§ What to work on: Reproduce every line of the data, exactly and without its pictures.

§ Data excerpts:
= Beginning of Section =

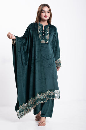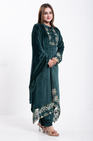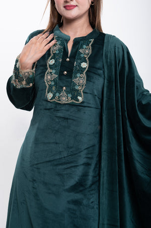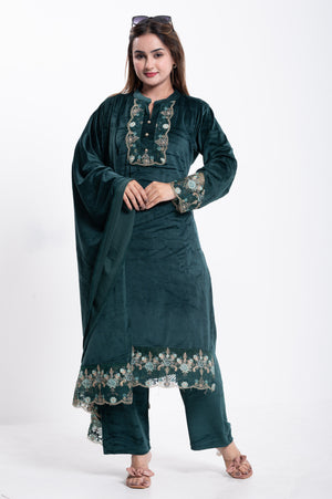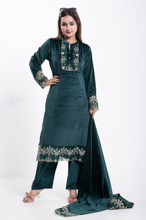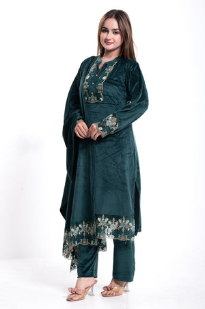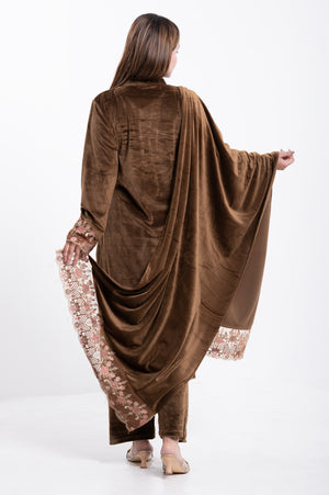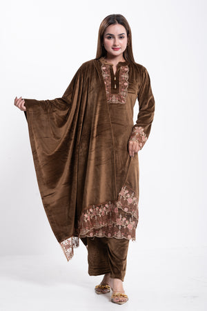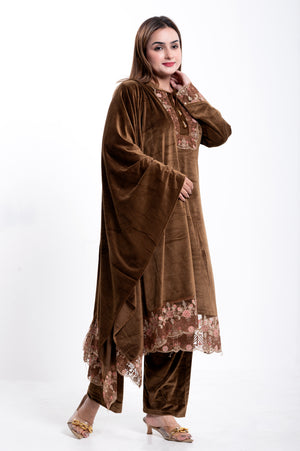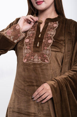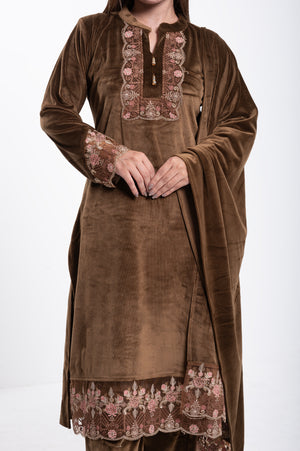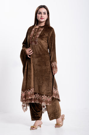 Step into timeless elegance with this Brown Velvet Embroidered Suit Set, designed to make you shine at festive gatherings, weddings, and special occasions. Crafted from premium quality velvet, this three-piece set includes a beautifully tailored kurta, straight pants, and a matching dupatta.
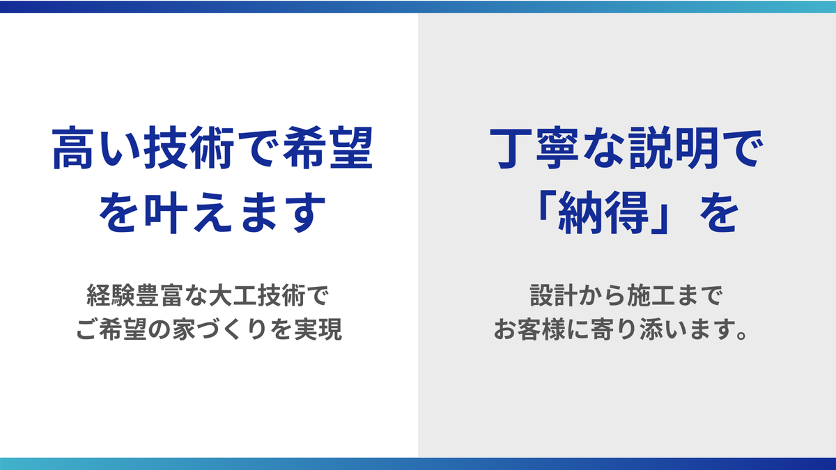 建築工事 大工工事 屋根工事 タイル・れんが・ブロック工事 内装仕上工事 など、幅広い住まいに関する施工に対応可能です。ご相談や予算に応じて対応できますので、気軽にご相談ください。
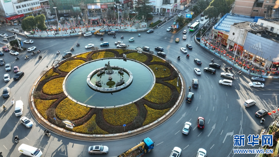 春節臨近,年味漸濃。云南省曲靖市麒麟區在城區主要道路、公園進行燈飾安裝工作,扮靚城市,為新春佳節增添喜慶的節日氛圍。新華網發(孫文來 攝)
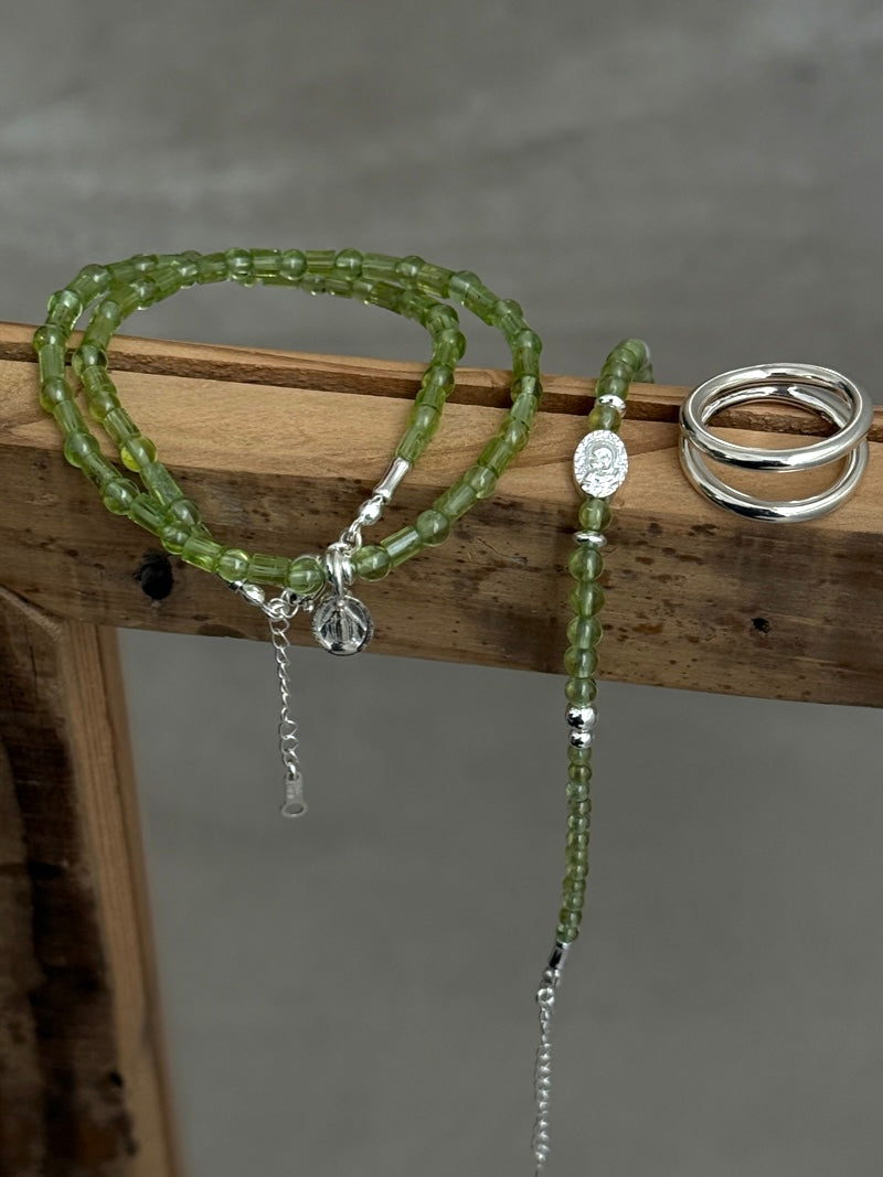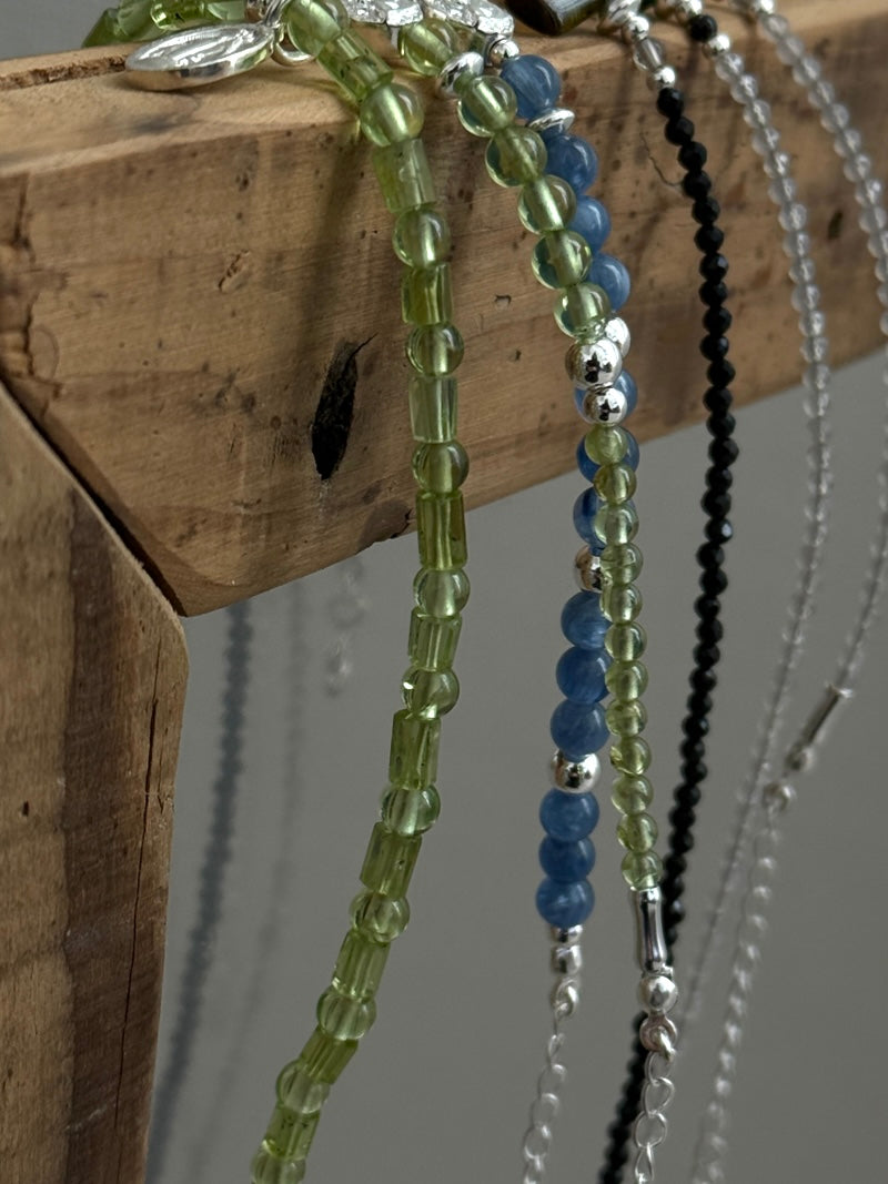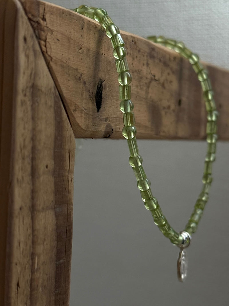瑞々しい黄緑色が美しい、4mm玉とチューブ型のペリドットを組み合わせたネックレス。
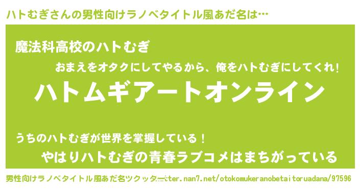 | 意味不明あだ名 | 『ペロリンハトむぎ』『自称ハトむぎ』 |
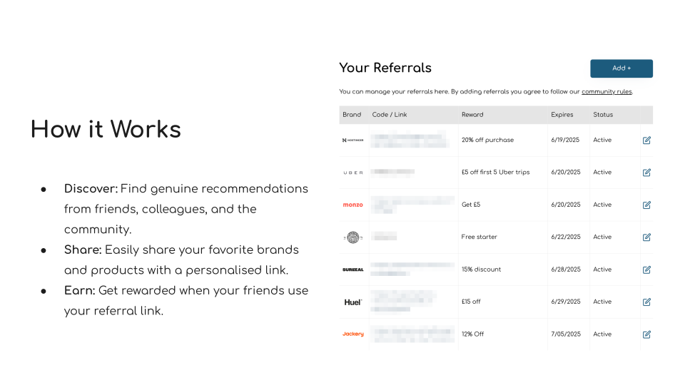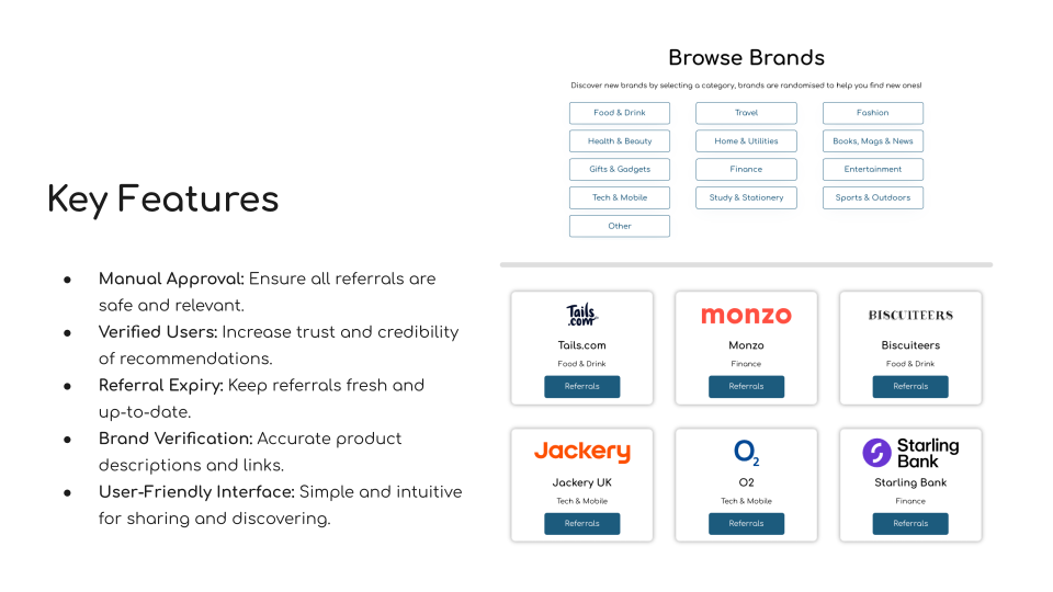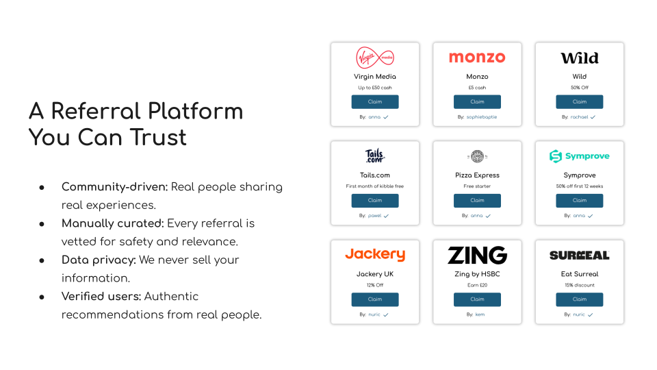 - Real People, Real Brands: We approve each referral and brand, checking it’s safe, relevant and valuable.
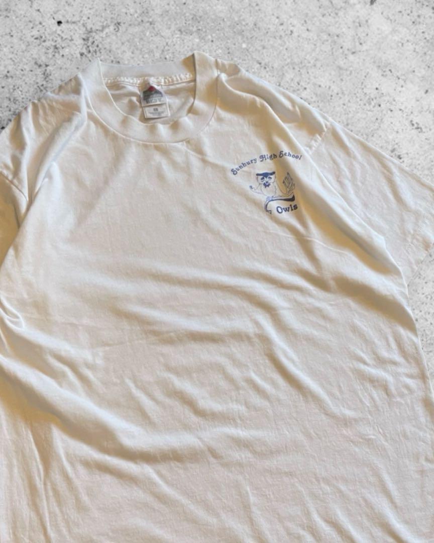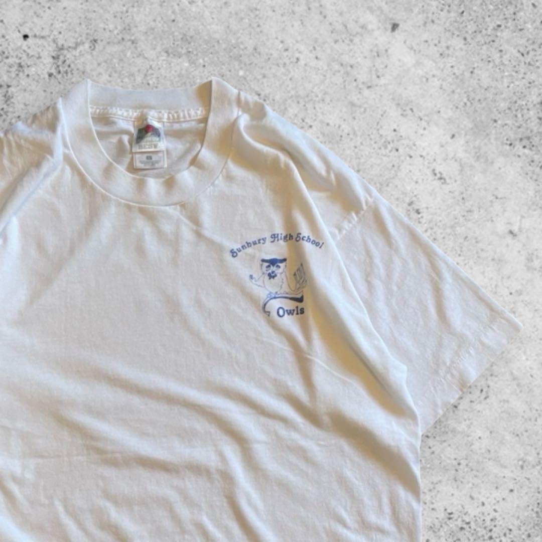 Sunbury High School Owls とプリントされており、一風変わったカレッジTになっております。サンベリー高校は、アメリカ・ノースカロライナ州ゲイツ郡サンベリーにある歴史ある高校複合施設だそうです。
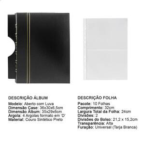 O Álbum de Luxo Preto 10 Folhas PP para 20 Cédulas 3BZN G é um kit de fichário que acompanha Folhas PP. Seu acabamento é transparente, podendo visualizar as cédulas frente e verso. Essa folha é ideal para você criar aquele mostruário que sempre desejou com sua coleção de cédulas antigas, nacionais ou estrangeras e finalmente poder mostrar sua coleção toda organizada para sua família e amigos.
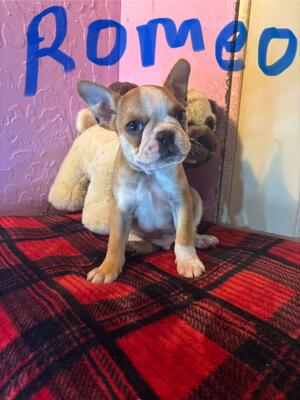 2 boy French BulldogXBoston Terrier mix, vaccinated and dewormed. 8 weeks old and eating dry food...
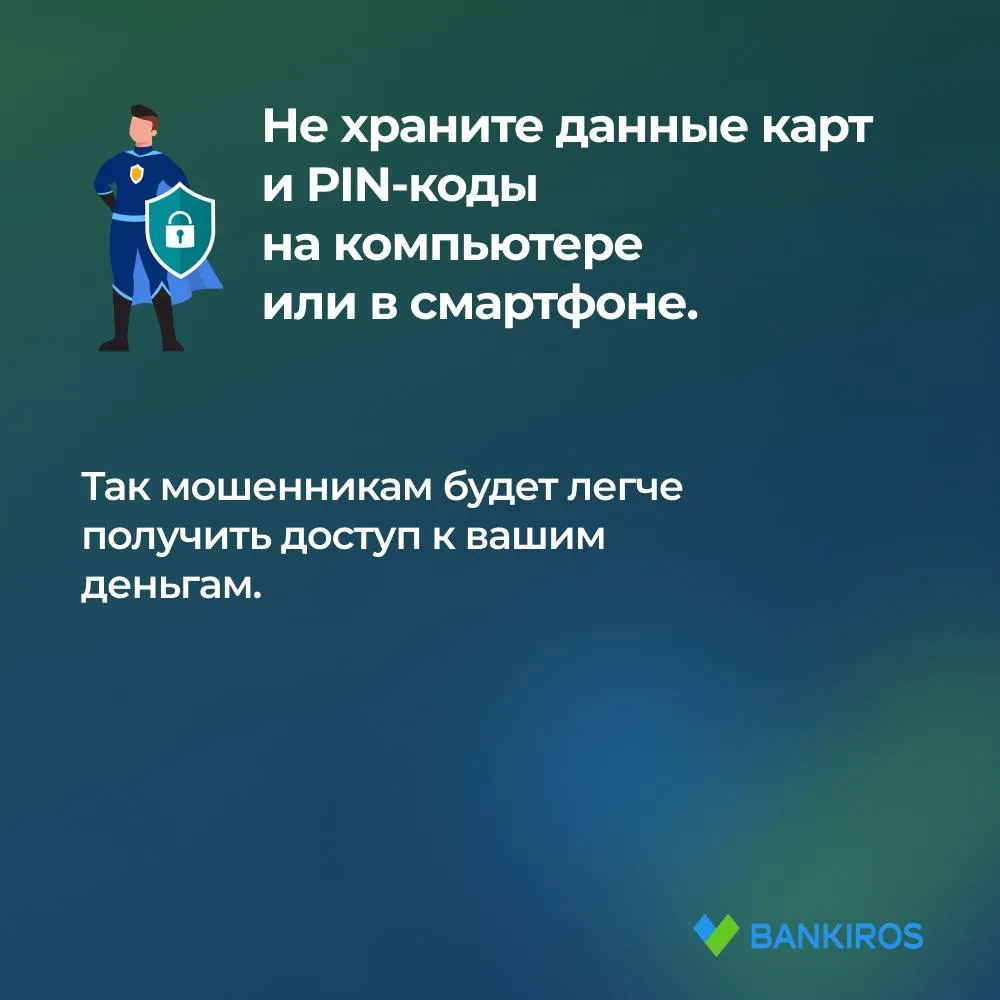 - Не храните данные карт и PIN-коды на компьютере или в смартфоне.

= End of Section =

§ Answer for the task:
 Step into timeless elegance with this Brown Velvet Embroidered Suit Set, designed to make you shine at festive gatherings, weddings, and special occasions. Crafted from premium quality velvet, this three-piece set includes a beautifully tailored kurta, straight pants, and a matching dupatta.
 建築工事 大工工事 屋根工事 タイル・れんが・ブロック工事 内装仕上工事 など、幅広い住まいに関する施工に対応可能です。ご相談や予算に応じて対応できますので、気軽にご相談ください。
 春節臨近,年味漸濃。云南省曲靖市麒麟區在城區主要道路、公園進行燈飾安裝工作,扮靚城市,為新春佳節增添喜慶的節日氛圍。新華網發(孫文來 攝)
瑞々しい黄緑色が美しい、4mm玉とチューブ型のペリドットを組み合わせたネックレス。
 | 意味不明あだ名 | 『ペロリンハトむぎ』『自称ハトむぎ』 |
 - Real People, Real Brands: We approve each referral and brand, checking it’s safe, relevant and valuable.
 Sunbury High School Owls とプリントされており、一風変わったカレッジTになっております。サンベリー高校は、アメリカ・ノースカロライナ州ゲイツ郡サンベリーにある歴史ある高校複合施設だそうです。
 O Álbum de Luxo Preto 10 Folhas PP para 20 Cédulas 3BZN G é um kit de fichário que acompanha Folhas PP. Seu acabamento é transparente, podendo visualizar as cédulas frente e verso. Essa folha é ideal para você criar aquele mostruário que sempre desejou com sua coleção de cédulas antigas, nacionais ou estrangeras e finalmente poder mostrar sua coleção toda organizada para sua família e amigos.
 2 boy French BulldogXBoston Terrier mix, vaccinated and dewormed. 8 weeks old and eating dry food...
 - Не храните данные карт и PIN-коды на компьютере или в смартфоне.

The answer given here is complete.